Developmental milestones

What to look for in a child’s communication?

Every child develops at a different pace. Please use this information as an approximate guide only and consult your doctor or a Speech Pathologist if you have concerns.

Interaction – Social & Play skills

First 12 months:
  • Interested in people & people games (e.g. peek-a-boo, tickles)
  • Pulls and bangs toys
  • Protests when desired objects are removed
  • Shows delight when you reply to them
  • Responds to their name
12-24 months:
  • Asks for help (verbal and non-verbal)
  • Requests desired objects by pointing, vocalisations or single words
  • Enjoys putting small objects in and out of containers
  • Emerging pretend play (e.g. drinks from a toy cup)
24-36 months:
  • Parallel play
  • Plays meaningfully with toys (e.g. doll house, tea set) acting out daily experiences
  • Engages in sequences of play
  • Watches other children at play with interest and occasionally joins in briefly
36-48 months
  • Pretend play including invented people and dress-ups
  • Likes to help adults with domestic activities (e.g. shopping, gardening)
  • Understands taking turns as well as sharing
  • Listens eagerly to stories and demands favourites over and over
48-60 months
  • Shows sense of humour
  • Enjoys singing rhymes and jingles
  • Enjoys listening to stories and acting them out in detail
  • Understands the need for rules and fair play

The child’s ways (How’s) of communicating

First 12 months
  • Cries, smiles, uses facial expression, looks, turns their head, makes sounds, reaches, shakes or nods head, points, gestures and vocalises (babbling)
12-24 months:
  • Imitates what adults say
  • Combines gestures and vocalisation
  • Uses sounds that stand for words
  • Occasionally or frequently uses single words
  • Echolalia may present
24-36 months:
  • Combines 2 or more words at a time
  • Uses sentences (initially nouns and verbs)
  • Begins to use pronouns (e.g.

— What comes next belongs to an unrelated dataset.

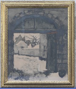 #444Kuyten‘Landschap met kerk’, een studie in olieverf op papier. Getekend H. Kuyten.

I, you, me)
  • Uses negation words (e.g. no, don’t)
  • Begins asking questions beginning “What?”, “Where?” and “Who?”
36-48 months
  • Uses 3 - 4 or more words in phrases/sentences
  • Begins asking questions beginning “Why?”, “When?” and “How?”
  • Exhibits multiple grammatical errors
  • Listens and tells long stories
48-60 months
  • Speaks fluently except some phonetic confusions
  • Defines concrete nouns by use
  • Constantly asks for meanings of abstract words

The child’s reasons (Why’s) of communicating

First 12 months
  • Protests, requests actions & objects, seeks attention, expresses feelings & interest
12-24 months
  • Shows something they are interested in
  • Imitates adult
  • Greets or says good-bye
  • Follows directions
24 months onwards
  • Labels or describes objects and people
  • Answers questions
  • Tells someone about what they are interested in
  • Asks questions


First 12 months
  • Recognises gestures and a few common words (e.g. up, bye)
  • Anticipates steps in daily routines
12-24 months
  • Follows simple directions (e.g. “Give it to me.”, “Throw the ball.”)
  • Points to some body parts
  • Understands “No” & “What” questions
  • Identifies familiar objects and hands them to adults when requested
24-36 months
  • Follows 2 part directions (e.g. “Get the book and put it on the table”.)
  • Understands “Where”, “Who” and “Whose” questions
  • Understands some prepositions (e.g. “in”, “on”, “under”)
36-48 months
  • Understands “Why” and “How” questions
  • Understands use of objects (e.g. “What do you use to drink water?”)
  • Understands descriptive concepts (e.g. big, wet)
48-60 months
  • Understands “When” questions
  • Understands long and complex sentences
  • Understands conjunctions, e.g. “so”, “because” and “if”

Paul, R. (2001). Language Disorders from Infancy through Adolescence: Assessment and Intervention (2nd Ed.). St Louis, Missouri: Mosby, Inc.
Sheridan, M. D. (1997). From Birth to Five Years: Children’s Developmental Progress. London: Routledge Ltd.